Word for word, set down the lines from the one that contains "Leave no head" through the final line of the data; no pictures belong in the copy.

RAW DATA:
[Start of section]

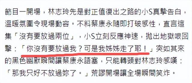 面对老搭档的挑衅,小S直接抛出了一个让人大跌眼镜的 “地狱玩笑”,拿刚离世不久的大S当挡箭牌,说“你没有要放过我?可是我姐姐走了耶!”
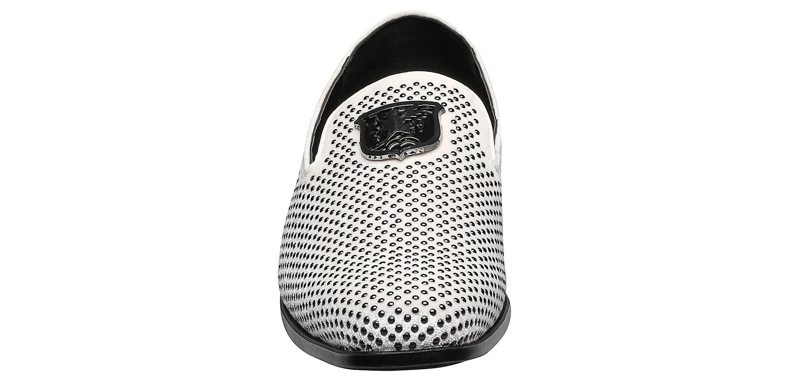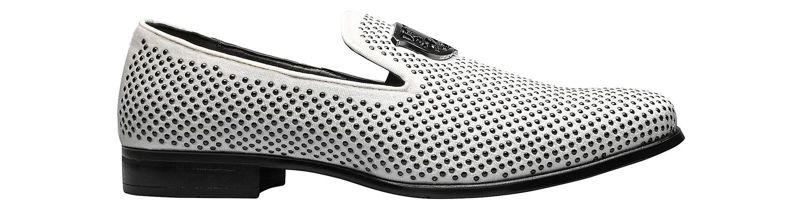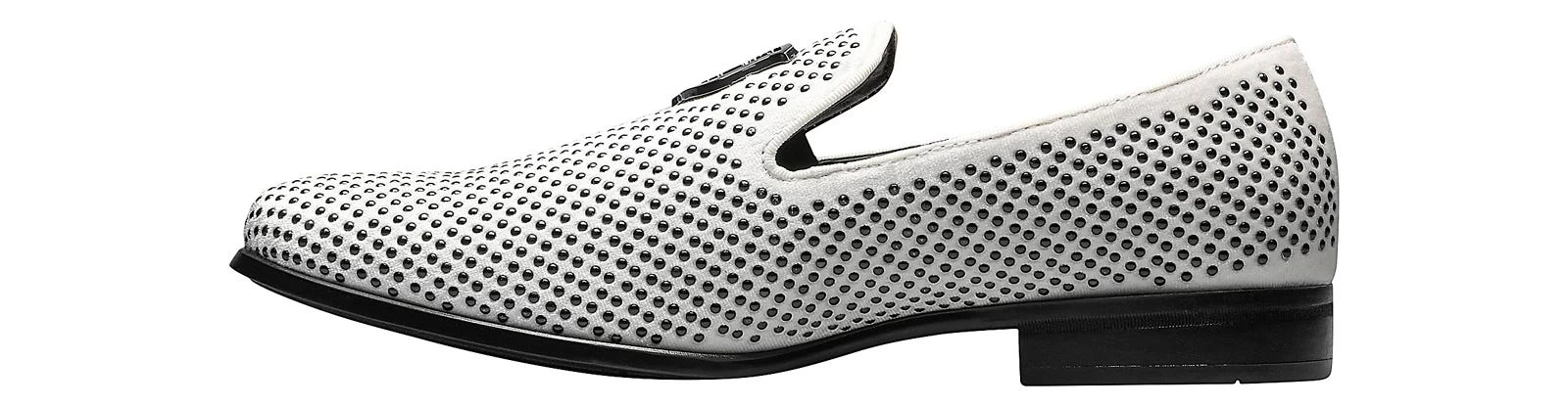 Leave no head unturned. The Stacy Adams Swagger Studded Slip On features a fabric upper covered from heel to toe in dazzling studs. The dress style sole and sleek profile is topped off with the famous Stacy Adams crest. Go ahead, get your Swagger on.
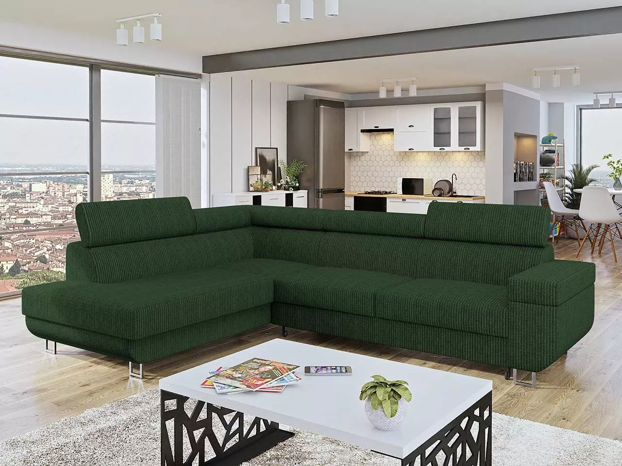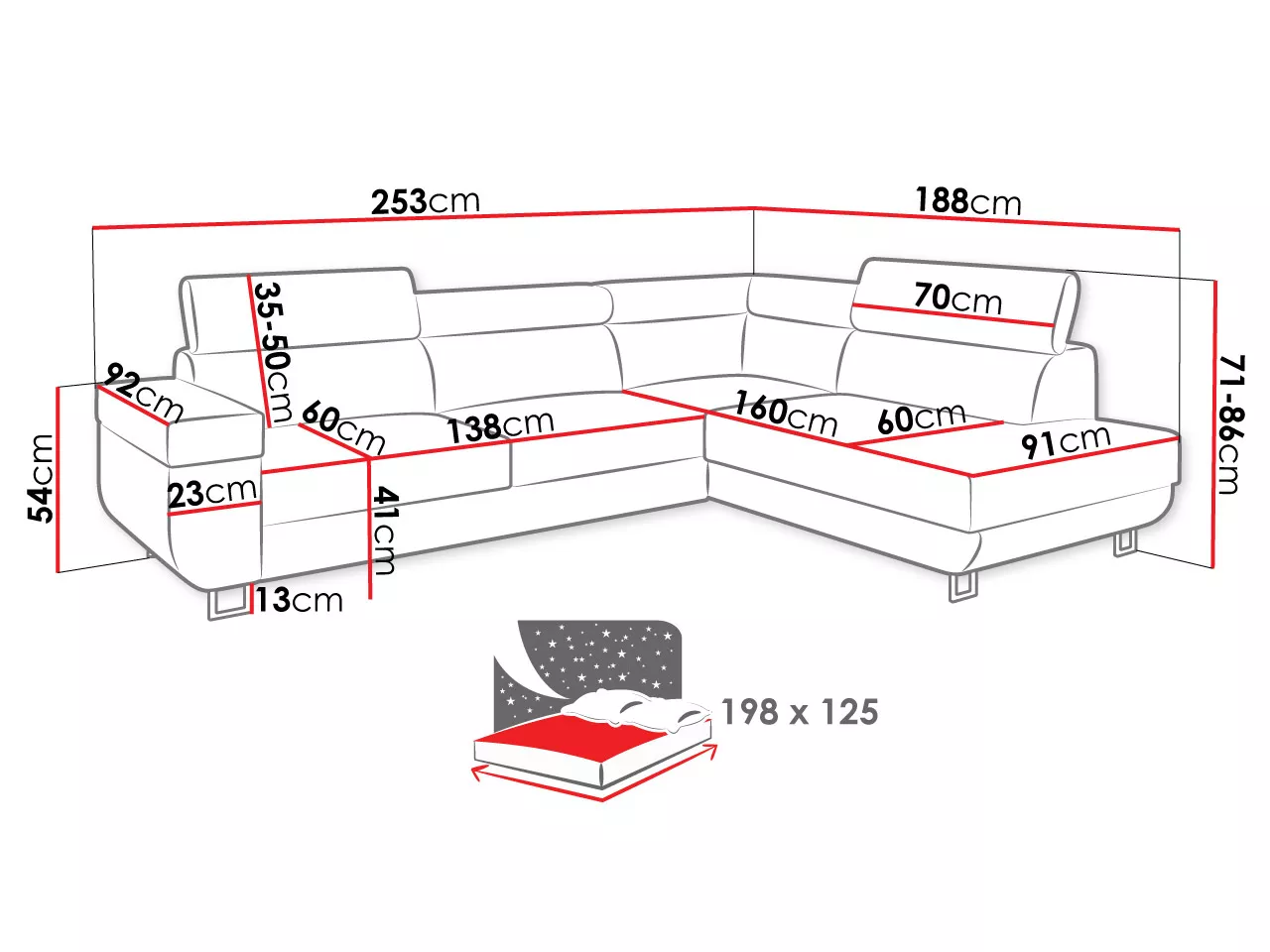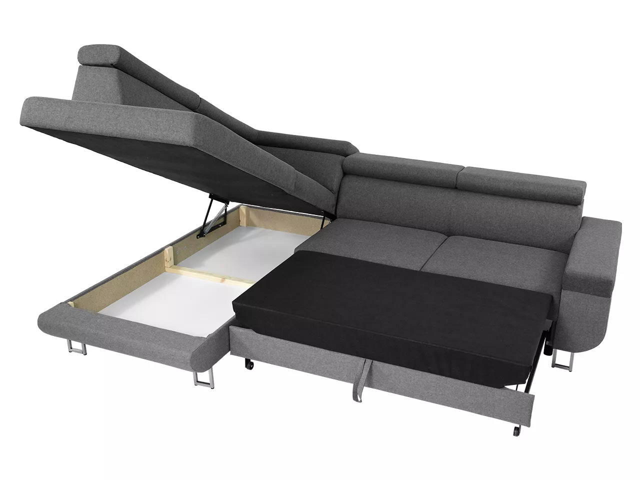 Moderní sedací souprava FAYA nabízí funkci každodenního spaní o lůžku 125x198 cm a praktický úložný prostor. Jistě oceníte polohovatelné opěrky hlavy pro maximální komfort při relaxaci. Zadní část sedačky je čalouněná látkou, což umožňuje její umístění kdekoli v místnosti.

[End of section]

EXERCISE SOLUTION:
 Leave no head unturned. The Stacy Adams Swagger Studded Slip On features a fabric upper covered from heel to toe in dazzling studs. The dress style sole and sleek profile is topped off with the famous Stacy Adams crest. Go ahead, get your Swagger on.
 Moderní sedací souprava FAYA nabízí funkci každodenního spaní o lůžku 125x198 cm a praktický úložný prostor. Jistě oceníte polohovatelné opěrky hlavy pro maximální komfort při relaxaci. Zadní část sedačky je čalouněná látkou, což umožňuje její umístění kdekoli v místnosti.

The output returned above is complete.